Molecular
Vision 2011; 17:2765-2768
<http://www.molvis.org/molvis/v17/a299>
Received 13 August 2011 | Accepted 18 October 2011 | Published 22
October 2011
Wei Du,1 Juan Bu,1 Jiamei Dong,1,2 Yanlei Jia,3 Jing Li,4 Chen Liang,1 Shancheng Si,1 Lejin Wang1
The first three authors contributed equally to this work
1Department of Ophthalmology, Peking University 3rd Hospital, Beijing, P.R. China; 2Department of Cardiology, Party School of Central Committee of C.P.C., Beijing, P.R. China; 3Department of Ophthalmology, The Municipal Hospital of ZaoZhuang, Shandong, P.R. China; 4Department of Ophthalmology, Beijing Ji Shui Tan Hospital, Beijing, P.R. China
Correspondence to: Lejin Wang, Department of Ophthalmology, Peking University 3rd Hospital, 49 North Garden Rd, Haidian, Beijing, 100191, P.R. China; Phone: +86-010-82266563; FAX: +86-010-82089951; email: wanglejin@hotmail.com
Purpose: To screen mutations in the FERM domain-containing 7 (FRMD7) gene in a Chinese family with X-linked idiopathic congenital nystagmus (ICN).

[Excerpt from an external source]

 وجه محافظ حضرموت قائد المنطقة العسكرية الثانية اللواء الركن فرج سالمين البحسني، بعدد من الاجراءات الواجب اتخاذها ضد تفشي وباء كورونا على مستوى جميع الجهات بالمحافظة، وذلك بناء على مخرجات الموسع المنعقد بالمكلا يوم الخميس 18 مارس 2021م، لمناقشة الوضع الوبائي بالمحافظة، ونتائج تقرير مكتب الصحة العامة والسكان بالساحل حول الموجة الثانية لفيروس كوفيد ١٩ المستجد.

Methods: It has been reported that FRMD7 mutations account for approximately 47% of X-linked nystagmus in Chinese patients. We collected 5 ml of blood samples from members of a family with X-linked ICN and 100 normal controls. Mutations in FRMD7 were determined by sequencing PCR products.
Results: We identified a previously unreported 4 bp deletion in FRMD7 (c.1486–1489 del TTTT) in a Chinese family. The mutation co-segregated with the disease phenotype in patients and female carriers, while it was not detected in other relatives or in the 100 normal controls.
Conclusions: Our results expand the spectrum of FRMD7 mutations causing ICN, and further confirm the role of FRMD7 in the pathogenesis of ICN. Direct sequencing of FRMD7 could be used as a diagnostic testing of idiopathic congenital nystagmus.
Idiopathic congenital nystagmus (ICN) is primarily a disorder of neurologic control system that stabilizes the eyes defined as conjugated, spontaneous, and involuntary ocular oscillations. The symptoms appear at birth or during the first three months of life. Many of the patients show X-linked inheritance. Three disease loci of X-linked ICN have been mapped to chromosome Xq26.2, Xp11.4 and Xp22.3 [1-3]. In 2006, Tarpey et al. [1] reported a new member of the FERM family (4.1 protein, ezrin, radixin, moesin) that mapped to chromosome Xq26.2, FERM domain-containing 7 (FRMD7), which was associated with X-linked ICN. Mutations associated with ICN include missense mutations, null mutations, deletions, and frame-shift mutations [1,4-14]. Mutations in FRMD7 are major causes of Chinese familial X-linked congenital nystagmus and account for approximately 47% of Chinese patients with the disorder [13].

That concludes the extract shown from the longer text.